Copy exactly, please, each line of the data below until the line that contains "Every order confirmation" has been copied, beginning at the top.

(Dataset records)
= = = = = = =

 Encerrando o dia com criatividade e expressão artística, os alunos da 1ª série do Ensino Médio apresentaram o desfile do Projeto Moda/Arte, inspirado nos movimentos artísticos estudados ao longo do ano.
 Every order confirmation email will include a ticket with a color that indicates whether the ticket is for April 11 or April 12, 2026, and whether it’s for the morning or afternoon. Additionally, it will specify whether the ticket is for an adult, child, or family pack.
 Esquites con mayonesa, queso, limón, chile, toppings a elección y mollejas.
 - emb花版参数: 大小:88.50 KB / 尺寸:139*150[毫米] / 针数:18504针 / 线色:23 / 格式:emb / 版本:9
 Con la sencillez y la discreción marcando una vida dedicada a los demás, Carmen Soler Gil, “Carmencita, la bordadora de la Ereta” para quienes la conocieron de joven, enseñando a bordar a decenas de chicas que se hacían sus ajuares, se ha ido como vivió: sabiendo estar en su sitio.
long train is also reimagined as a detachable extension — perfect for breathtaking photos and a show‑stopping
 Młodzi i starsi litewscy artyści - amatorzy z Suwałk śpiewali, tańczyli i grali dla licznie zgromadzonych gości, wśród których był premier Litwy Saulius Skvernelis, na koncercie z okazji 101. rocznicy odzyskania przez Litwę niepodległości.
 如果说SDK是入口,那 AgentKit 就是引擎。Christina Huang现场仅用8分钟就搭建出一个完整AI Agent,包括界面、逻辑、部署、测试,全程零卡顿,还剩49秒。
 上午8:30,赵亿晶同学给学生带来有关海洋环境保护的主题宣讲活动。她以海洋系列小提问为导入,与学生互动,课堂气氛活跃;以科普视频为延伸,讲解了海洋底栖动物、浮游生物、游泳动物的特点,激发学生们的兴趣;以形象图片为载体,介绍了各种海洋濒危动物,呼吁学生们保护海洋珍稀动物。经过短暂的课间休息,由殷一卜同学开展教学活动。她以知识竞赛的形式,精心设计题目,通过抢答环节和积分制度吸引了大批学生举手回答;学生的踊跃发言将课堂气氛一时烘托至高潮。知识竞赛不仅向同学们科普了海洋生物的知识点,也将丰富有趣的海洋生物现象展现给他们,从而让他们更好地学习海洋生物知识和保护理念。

= = = = = = =

RESPONSE TO THIS TASK:
 Encerrando o dia com criatividade e expressão artística, os alunos da 1ª série do Ensino Médio apresentaram o desfile do Projeto Moda/Arte, inspirado nos movimentos artísticos estudados ao longo do ano.
 Every order confirmation email will include a ticket with a color that indicates whether the ticket is for April 11 or April 12, 2026, and whether it’s for the morning or afternoon. Additionally, it will specify whether the ticket is for an adult, child, or family pack.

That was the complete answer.